Unable to update Account Settings, OnPatient Settings, Staff Permissions
Incident Report for DrChrono
Postmortem

Settings Update Issues

Summary

Issues occurred on September 23, 2021 which made Doctor Settings, Account Settings (CRM), Staff Permissions, or Onpatient Settings unable to save due to timeouts.

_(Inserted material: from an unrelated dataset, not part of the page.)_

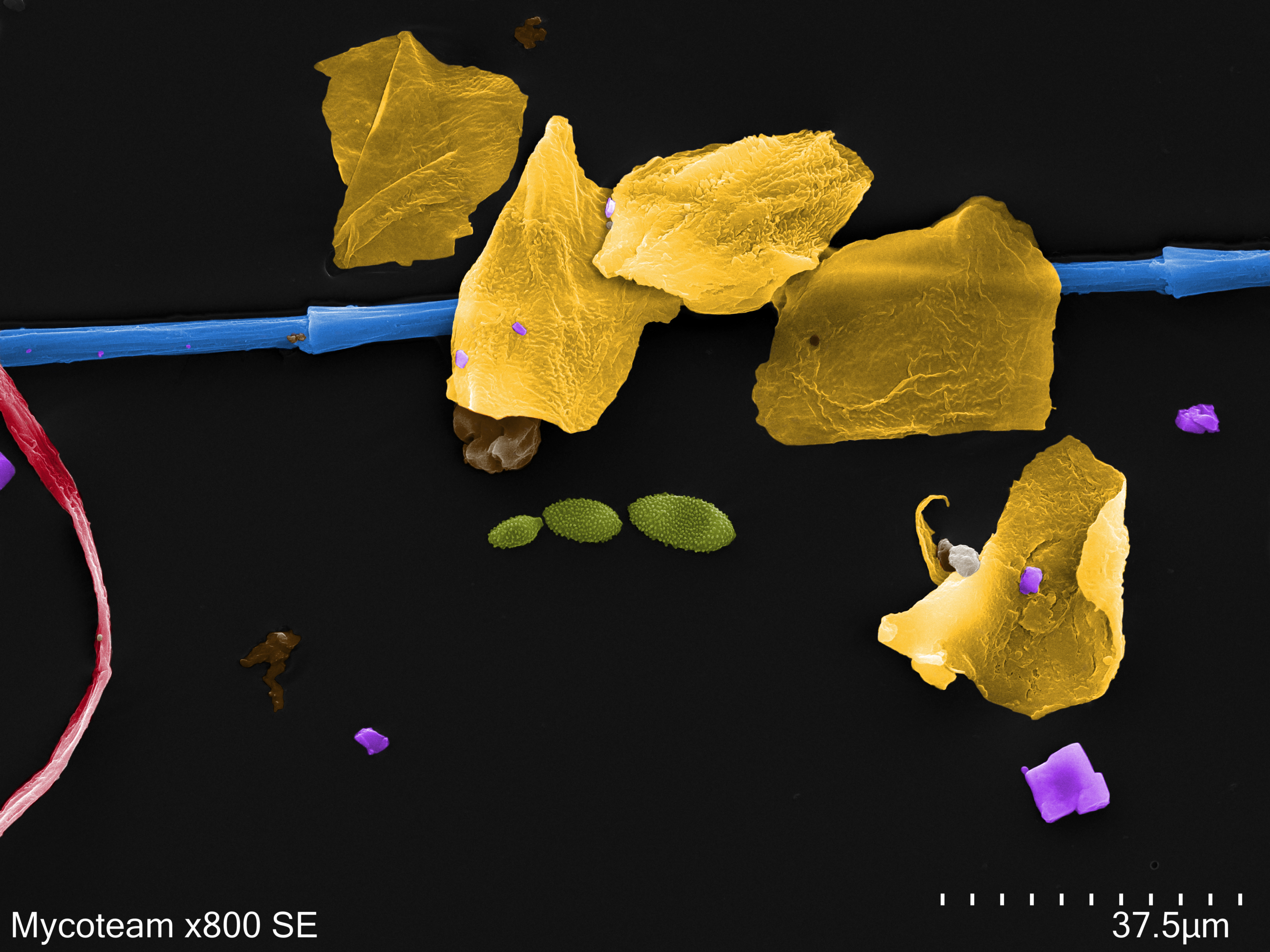 Husstøv med flere hudceller (gult), et dun fra boblejakke (blå), bomullsfiber (rød), soppsporer (grønn) og saltkrystaller (lilla). Foto: Mycoteam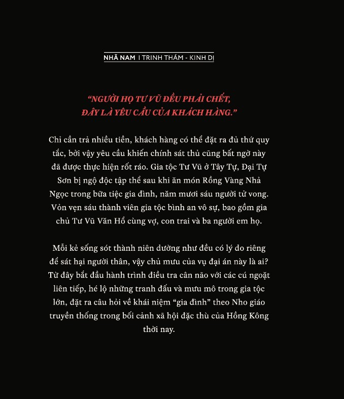 Nhà phát hành: Nhã Nam Nhà xuất bản: Hội Nhà Văn Tác giả: Albert Tam Dịch giả: Hồng Hạnh Số trang: 457 Kích thước: 14 x 20.5 cm   "NGƯỜI HỌ TƯ VŨ ĐỀU PHẢI CHẾT, ĐÂY LÀ YÊU CẦU CỦA KHÁCH HÀNG.”   Chỉ cần trả nhiều tiền, khách hàng có thể đặt ra đủ thứ quy tắc, bởi vậy yêu cầu khiến chính sát thủ cũng bất ngờ này đã được thực hiện rốt ráo. Gia tộc Tư Vũ ở Tây Tự, Đại Tự Sơn bị ngộ độc tập thể sau khi ăn món Rồng Vàng Nhà Ngọc trong bữa tiệc gia đình, năm mươi sáu người tử vong. Vỏn vẹn sáu thành viên gia tộc bình an vô sự, bao gồm gia chủ Tư Vũ Văn Hồ cùng vợ, con trai và ba người em họ.   Mỗi kẻ sống sót thành niên dường như đều có lý do riêng để sát hại người thân, vậy chủ mưu của vụ đại án này là ai? Từ đây bắt đầu hành trình điều tra cân não với các cú ngoặt liên tiếp, hé lộ những tranh đấu và mưu mô trong gia tộc lớn, đặt ra câu hỏi về khái niệm “gia đình” theo Nho giáo truyền thống trong bối cảnh xã hội đặc thù của Hồng Kông thời nay.

Timeline (EST, 24-hour clock)

All times are EST.

Date/Time Activity
2021-09-23 11:27:28 Started receiving initial reports of the issue.
2021-09-23 11:27:28 DevOps team started investigating potential causes.
2021-09-23 11:32:49 Possible related errors identified in logs.
2021-09-23 11:34:28 Possible issue with Celery identified. Started monitoring Celery.
2021-09-23 11:43:21 Problematic behavior with Celery observed again.
2021-09-23 11:49:01 Continued testing and observing Celery
2021-09-23 11:55:32 Engineering team identified a potential issue with the code.
2021-09-23 12:03:30 Account Management team identified an issue in Sentry that could also be related.
2021-09-23 12:09:44 Restarted the Celery queues on all of the servers.
2021-09-23 12:26:33 Engineering started implementing a code fix.
2021-09-23 13:00:57 Status Page created.
2021-09-23 13:14:02 Started deployment of the code fix to the staging environment.
2021-09-23 13:22:55 Started testing code fix in staging.
2021-09-23 14:20:27 Fixes deployed to staging verified and approved for deployment to production.
2021-09-23 14:22:22 Started deployment of the code fix to the production environment.
2021-09-23 15:17:29 Started testing code fix in production.
2021-09-23 15:38:00 Testing in production finished and fix verified. Status page updated.

Contributing Factor(s)

Display updates to information under Account Settings were delayed for ~5 minutes. This is due to all information being cached for 5 minutes, regardless of any changes. A fix for this existing issue was implemented where the cache was cleared after each account update. This overloaded Redis and caused the subsequent performance issues.

Stabilization Steps

To stabilize the platform a code issue was identified and a hotfix was created, deployed, and validated.

Impact

The majority of our customers would have experienced slowness from the increased database activity which is slower than the Redis cache.

Corrective Actions

Engineering fixed the identified code issue and the fix was deployed and verified.

Posted Sep 29, 2021 - 12:56 PDT

Resolved
This incident has been resolved.
Posted Sep 23, 2021 - 12:37 PDT
Monitoring
A fix has been implemented and we are monitoring the results.
Posted Sep 23, 2021 - 12:18 PDT
Identified
The issue has been identified and a fix is being implemented.
Posted Sep 23, 2021 - 11:17 PDT
Investigating
We are currently investigating an issue preventing users from updating Account Settings, OnPatient Settings, and Staff Permissions. We will provide and update here with more information as soon as possible.
Posted Sep 23, 2021 - 10:00 PDT
This incident affected: drchrono.com.